__ACTION ITEM__
Somewhere below are a line with "本店所以图片百分百实物拍摄,我们是一家专" and a later line with "চিকিৎসকের ভুল চিকিৎসায়". Output exactly those lines and all lines between them.

__RECORDS SHOWN__
------------------------------------------------------------
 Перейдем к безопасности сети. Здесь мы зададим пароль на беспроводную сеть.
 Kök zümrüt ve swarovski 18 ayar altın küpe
------------------------------------------------------------
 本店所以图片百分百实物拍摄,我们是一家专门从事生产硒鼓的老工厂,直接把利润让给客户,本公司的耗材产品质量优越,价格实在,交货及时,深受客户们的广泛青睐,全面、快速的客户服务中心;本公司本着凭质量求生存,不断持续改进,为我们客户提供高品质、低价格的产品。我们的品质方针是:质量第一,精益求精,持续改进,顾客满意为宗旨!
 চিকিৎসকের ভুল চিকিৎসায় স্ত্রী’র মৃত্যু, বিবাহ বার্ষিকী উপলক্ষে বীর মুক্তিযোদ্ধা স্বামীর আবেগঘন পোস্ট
------------------------------------------------------------
__EXERCISE RESPONSE__
 本店所以图片百分百实物拍摄,我们是一家专门从事生产硒鼓的老工厂,直接把利润让给客户,本公司的耗材产品质量优越,价格实在,交货及时,深受客户们的广泛青睐,全面、快速的客户服务中心;本公司本着凭质量求生存,不断持续改进,为我们客户提供高品质、低价格的产品。我们的品质方针是:质量第一,精益求精,持续改进,顾客满意为宗旨!
 চিকিৎসকের ভুল চিকিৎসায় স্ত্রী’র মৃত্যু, বিবাহ বার্ষিকী উপলক্ষে বীর মুক্তিযোদ্ধা স্বামীর আবেগঘন পোস্ট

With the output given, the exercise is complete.